# Convertidor de binario a hexadecimal



## evangx (May 29, 2011)

Saludos
soy nuevo en esto de la electronica, y me han dejado como proyecto la realizacion de un convertidor de binario a hexadecimal, mostrandolo en un display.

este es el texto como lo dicto el profesor:
Objetivo Diseñar un decodificador de BCD a hexadecimal, es decir, que responda a un código de entrada BCD y …, es decir, del 0-15 y lo desplegué en un display de 7 segmentos 

ya me puse un poco a investigar y ver que onda con esto...

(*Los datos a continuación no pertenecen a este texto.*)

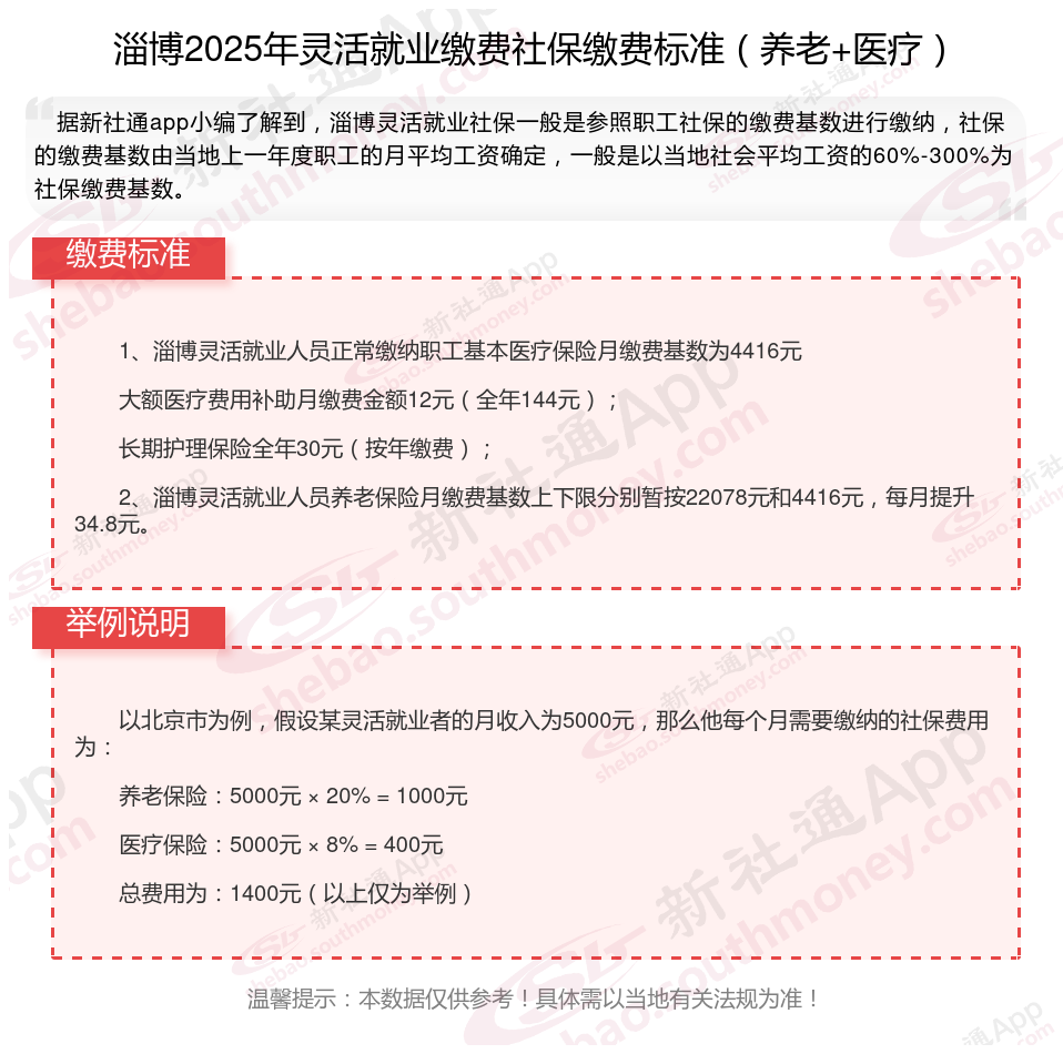 2025灵活就业社保缴费标准的调整,既体现了法规的连续性,又适应了经济社会发展的要求。灵活就业人员应根据自身情况,合理选择缴费基数和缴费比例,确保自身权益得到充分保证。那么2025年淄博灵活就业人员社保需要交多少钱?下面随新社通小编一起来看看。
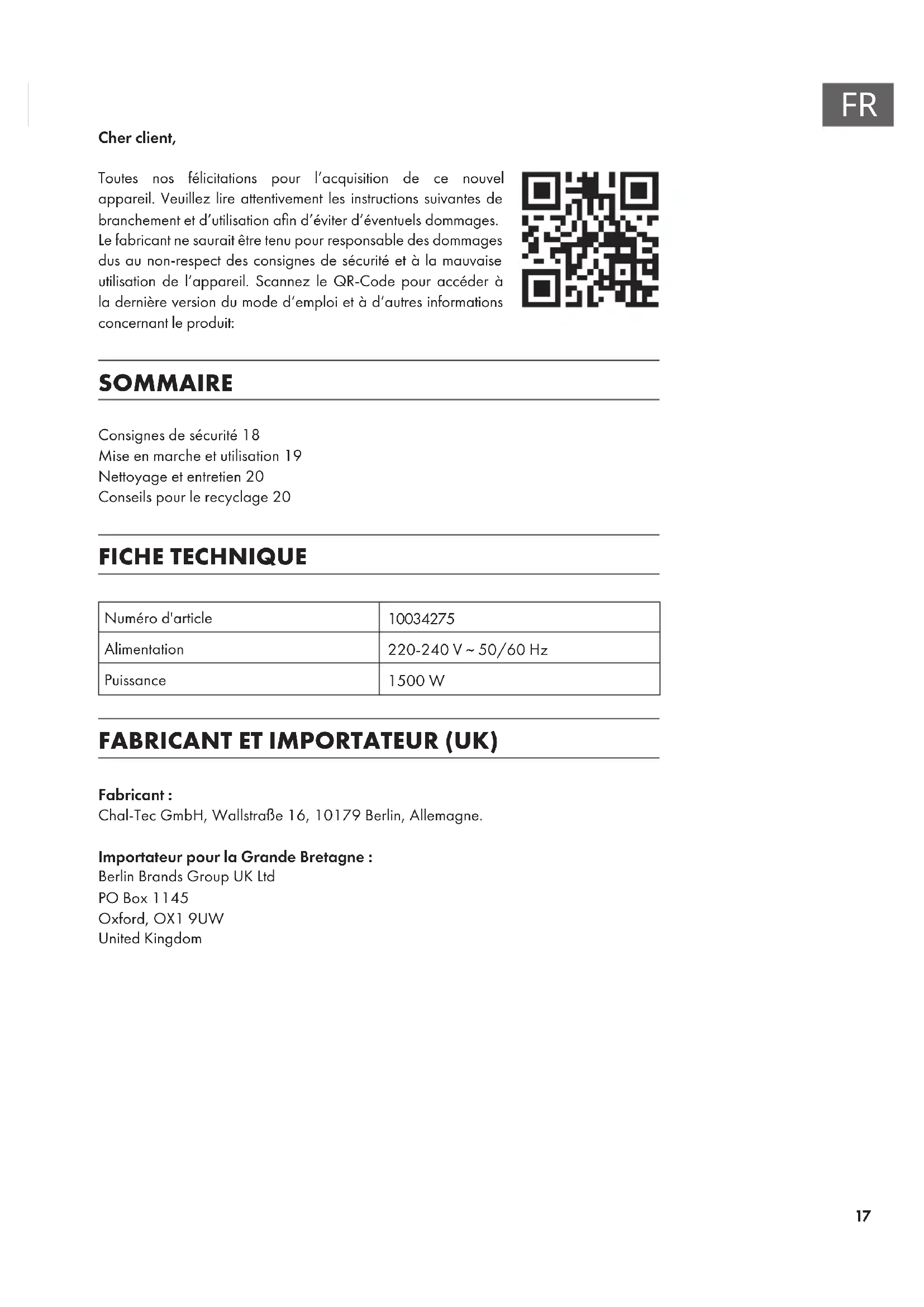 Cher client, Toutes nos félicitations pour l’acquisition de ce nouvel appareil. Veuillez lire attentivement les instructions suivantes de branchement et d’utilisation an d’éviter d’éventuels dommages. Le fabricant ne saurait être tenu pour responsable des dommages dus au non-respect des consignes de sécurité et à la mauvaise utilisation de l’appareil. Scannez le QR-Code pour accéder à la dernière version du mode d‘emploi et à d‘autres informations concernant le produit: SOMMAIRE Consignes de sécurité18 Mise en marche et utilisation19 Nettoyage et entretien20 Conseils pour le recyclage20 FICHE TECHNIQUE Numéro d'article

y al pasarlo al simulador no me muestra nada....he intentado varias cosas y nomas no logro que funcione
no se que error tenga
como simulador uso el multisim 10.1

me pueden ayudar detectando mii error
acontinucacion

nota: asi como lo capture asi lo tengo... tenia segun eso mi diseño completo para que mostrara bien todo... al ver que no funciono le quite todo y lo deje asi... para primero aparecer un 0 pero ni asi logro que funcione :s


----------



## MrCarlos (May 29, 2011)

Hola evangx

Lo que ocurre es que: por un lado el IC da valores bajos cuando son ciertos y el comun del Display lo tienes conectado a tierra.

En este caso el Display debe ser de ánodo comun y este, el comun, debe ser conectado al Vcc.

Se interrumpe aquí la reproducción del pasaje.